The program provides states with federal funding to expand health insurance beyond Medicaid eligibility levels. In some states, CHIP is administered as part of the Medicaid program (referred to as Medicaid expansion states) and the covered children are eligible for EPSDT benefits. In other states, CHIP may be administered by the state and designed similar to Medicaid but not provide full EPSDT coverage, or CHIP may be administered as a private plan without the more comprehensive EPSDT benefits. Separate administration has proved to be the more popular implementation approach, in large part because the funding for each state is limited and does not provide for an entitlement.

==Health Reform==
Under the Patient Protection and Affordable Care Act Medicaid is expanded, particularly for adults. Only a small proportion of children are uninsured, an estimate 5-7 million. About half of the children currently uninsured are eligible for Medicaid or CHIP coverage but have not been enrolled in these programs. In some cases, eligible children are not enrolled because their parents are unaware of the potential coverage or are reluctant to apply for public benefits. Researchers at the Urban Institute estimate that, with full implementation of the health reforms contained in the Affordable Care Act, the number of uninsured children would be cut by 40 percent and the number of uninsured parents cut in half. The actual impact will depend on states’ implementation of Medicaid expansions.
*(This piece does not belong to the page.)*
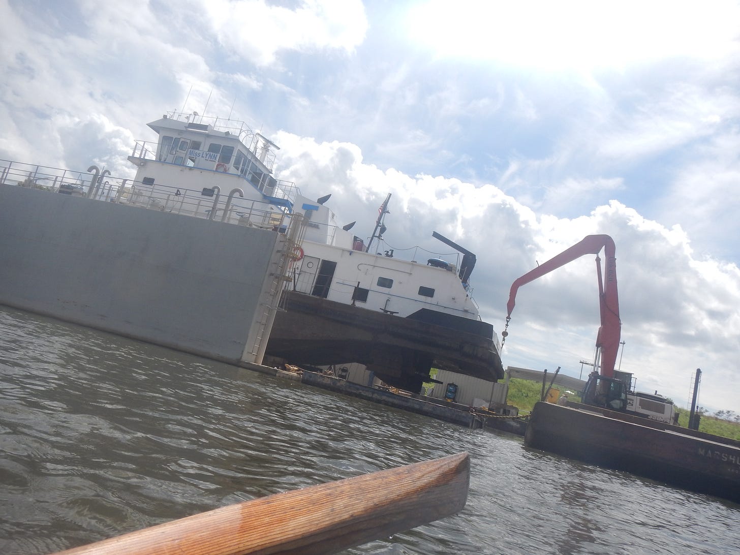 On the other side of the dam, we saw where we would’ve paddled (low, muddy, and likely requiring a manual portage) had we not waited, and then we started the canal to the Atch. Along the canal, we saw several salvage tugs and boxes, including one being actively torn apart in a dry dock. One of the salvage workers offered us water and gave navigational advice. As we exited the canal, Leah saw three gators. I was not amused, but the Atch itself was really pretty.

Under the Affordable Care Act, states are required to continue current Medicaid and CHIP eligibility; however, they are not required to expand Medicaid. The Supreme Court decided in 2012 that the federal government may offer incentives for states to expand Medicaid but may not mandate such expansions. The number of states that will extend Medicaid coverage to individuals below 133 percent of the federal poverty level in January 2014 or thereafter remains uncertain. Overall, states’ decisions relative to Medicaid expansion are an important component of the national health reform plan.